Only the pictures are to be omitted; everything else in the listing must be reproduced exactly.

*Stored data*.
++++++++

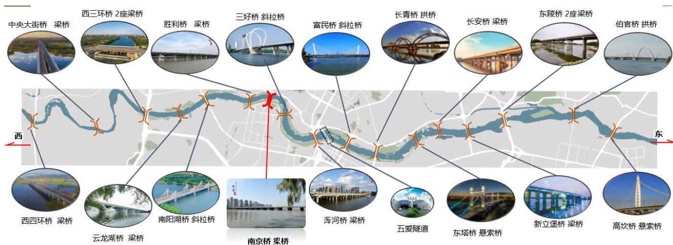
图一 沈阳市已建跨浑河通道分布图

虽然跨浑河桥数量众多，但仍不能满足浑河南部地区与母城交通通行的需要，尤其是在胜利桥、工农桥、
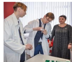
Центры естественных наук
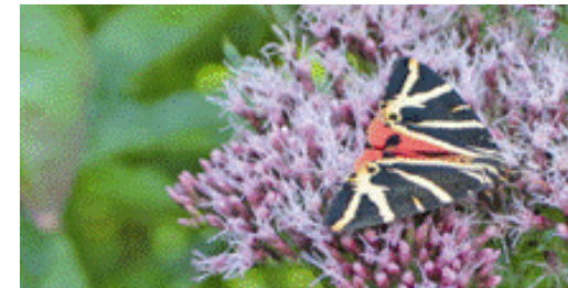
Landschaft und Ökologie

++++++++

*Answer to the problem*.
图一 沈阳市已建跨浑河通道分布图

虽然跨浑河桥数量众多，但仍不能满足浑河南部地区与母城交通通行的需要，尤其是在胜利桥、工农桥、
Центры естественных наук
Landschaft und Ökologie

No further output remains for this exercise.